Gudrun would run into trouble, sooner or later. Horst had no doubt of it. She was intelligent, and she knew to guard her tongue around strangers, but she had no way of knowing how things worked in the world. Hell, she’d managed to invite an SS spy to her very first meeting! She couldn’t get very far without help…
…And Horst, who knew his duty called for him to report her, was seriously considering offering her that help.
It was a hard choice to make. If he were caught, his family would disown him – and it probably wouldn’t be enough to save their lives. It would be easy to alert the SS, to have Gudrun and the rest of the students put under surveillance, and put an end to the whole affair… but he didn’t want to put an end to the whole affair. He wanted her to do… what? What would she do if she proved her point?

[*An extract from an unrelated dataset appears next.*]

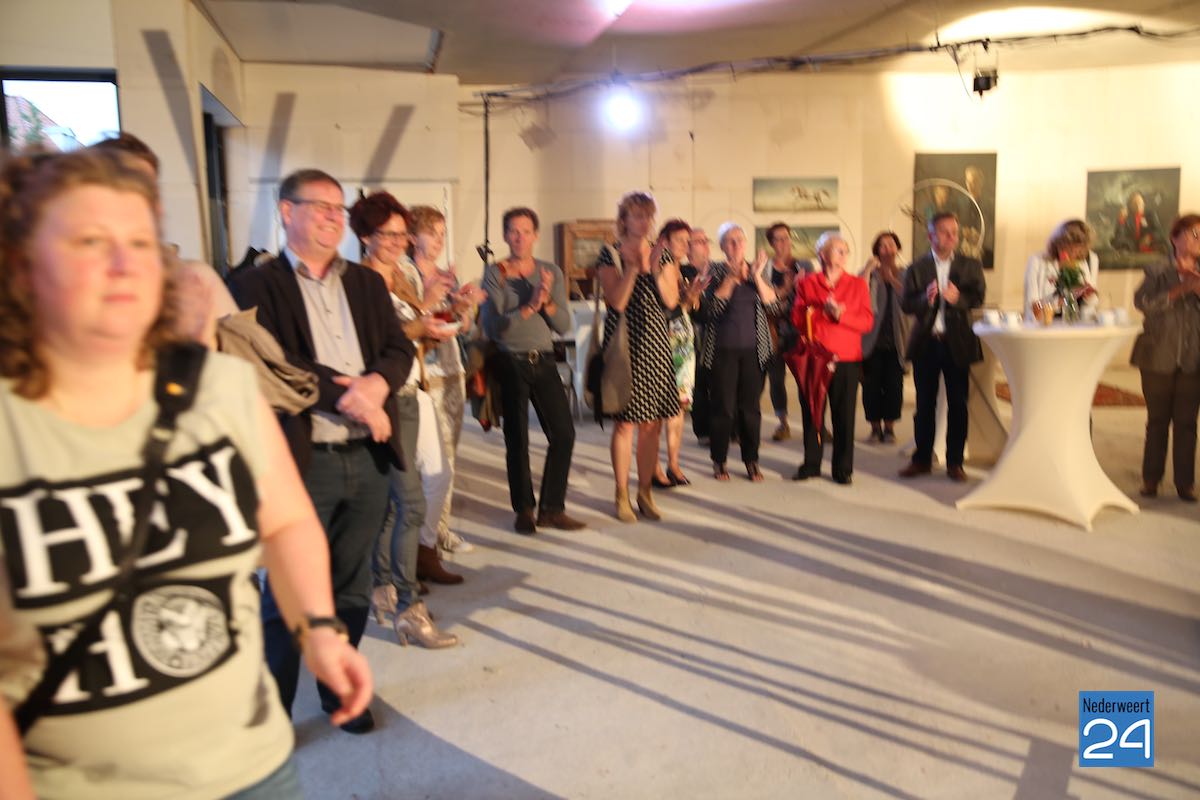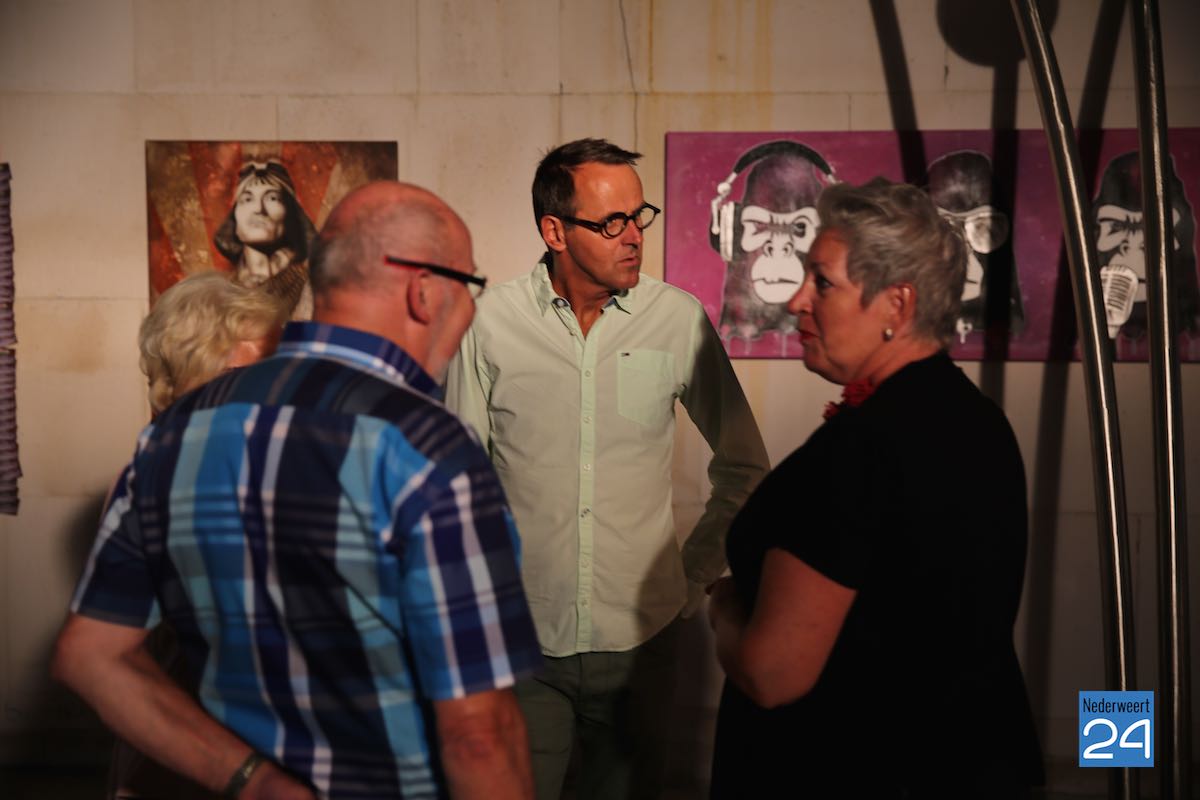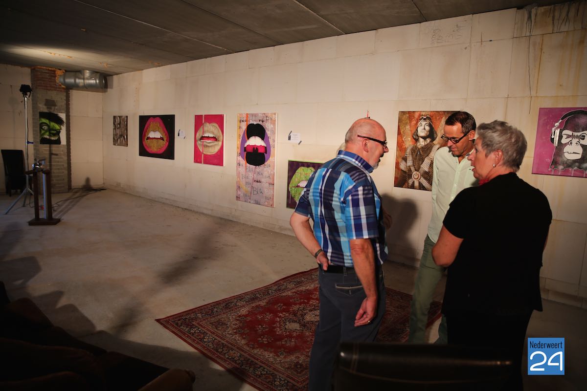 Donderdagavond is onder muzikale geleiding van Roy en Bas Kessels en een glaasje drinken de eerste Pop Up Galerie Nederweert (PUGN) op feestelijke wijze geopend. Met een paar verfstreken en strepen vormde de burgemeester het woord “PUGN” op het witte doek waarmee de expositie officieel was geopend.

Perhaps I’ll just wait and see if she has a plan, he told himself. And if she does, I can decide what to do about it.
Chapter Eight
Wewelsburg Castle, Germany
20 July 1985
It was blasphemy to even consider it, but there were times when Reichsführer-SS Karl Holliston thought that Heinrich Himmler had been a very strange man. Karl understood the value of strength – and the will to use it – as much as any other SS officer, yet Himmler’s obsession with the occult had undermined the last five years of his career, allowing him to be gently nudged aside by his former subordinates. Wewelsburg Castle itself was a grand monument to that obsession; parts of the castle had been redesigned to look like something from the Grand Order of Teutonic Knights, while other parts were designed to serve as the SS’s western centre of operations. There was even a monument to the Holy Grail in the lower levels, perched in the centre of a round table.
And some of Himmler’s other ideas might have caught on, if he’d had longer, Karl thought. Shrines to the old gods, grand ceremonies of might and magic…
He shook his head in rueful amusement. Rumours of virgin sacrifices and blood oaths had hovered around the castle for as long as the SS had occupied it – and, indeed, there were some very strange cults and secret societies rumoured to exist within the SS itself. Karl had never seen anything to indicate that they even existed, but that proved nothing. The SS was a multitude of competing factions and some of them were very secretive indeed. And yet, what need did they have of the old gods? All that was needed was the will to power.
A strong will can overcome anything, Karl thought, remembering his training as a young officer. They’d been pushed to the limit, the weak falling by the wayside or dying in training; the survivors strong enough to keep going, whatever the world threw at them. It had been twenty years since Karl had seen active service, since he’d been promoted into a desk job, but he’d done his best to stay in shape. And the will to power is everything.